Grundsätzlich betrifft die Neurodermitis vor allem Familien, in denen auch Fälle von Allergien wie Heuschnupfen oder Asthma gehäuft auftreten. Es wird angenommen, dass die genetische Disposition für atopische Ekzeme den Fetthaushalt der Haut negativ beeinflusst. Bei Menschen, die an Neurodermitis erkranken, ist die Schutzbarriere der Haut beeinträchtigt, wodurch sie empfindlicher gegen äußere Einflüsse und Reize wird.

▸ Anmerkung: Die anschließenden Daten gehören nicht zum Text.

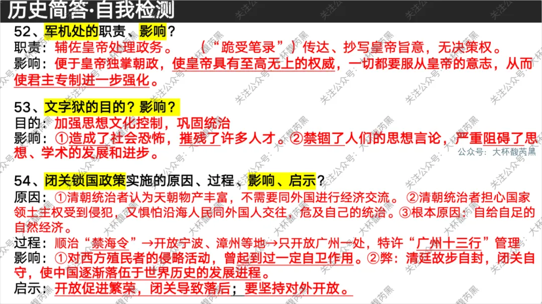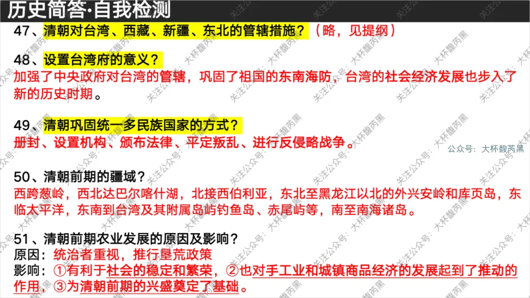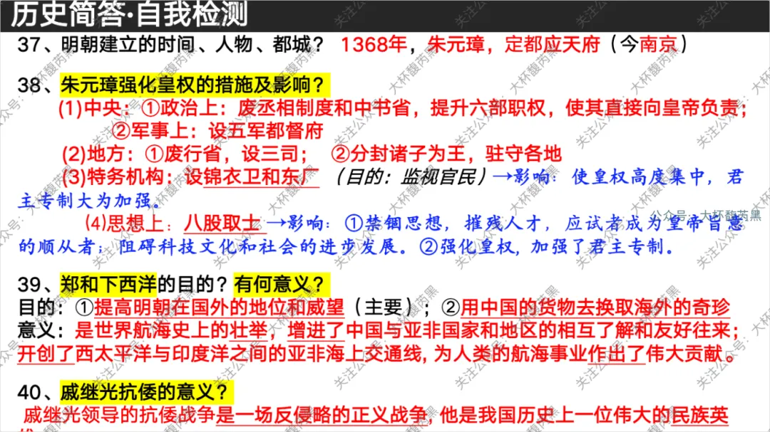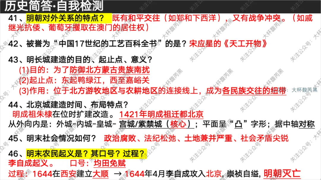 今天分享的是七下历史问答式自我检测课件 含高频错别字整理,自我检测用。

Auslöser und Ursachen von Neurodermitis
Die genauen Ursachen der Neurodermitis sind bis heute nicht gänzlich erforscht. Verschiedene Faktoren können die Entstehung der Erkrankung begünstigen oder einen Schub auslösen. Bei vielen Menschen, die zu Neurodermitis neigen, reagiert die Haut auf verschiedenste äußere Reize mit den charakteristischen Hautentzündungen. Häufige Auslöser sind Kosmetikartikel, insbesondere Pflegeprodukte, die synthetische Substanzen enthalten. So kann der Kontakt der Haut mit Mineralölen, Duft- und Farbstoffen, Silikonen und Parabenen in Seifen, Duschgels, Cremes, Badezusätzen und Shampoos einen Neurodermitis-Schub auslösen.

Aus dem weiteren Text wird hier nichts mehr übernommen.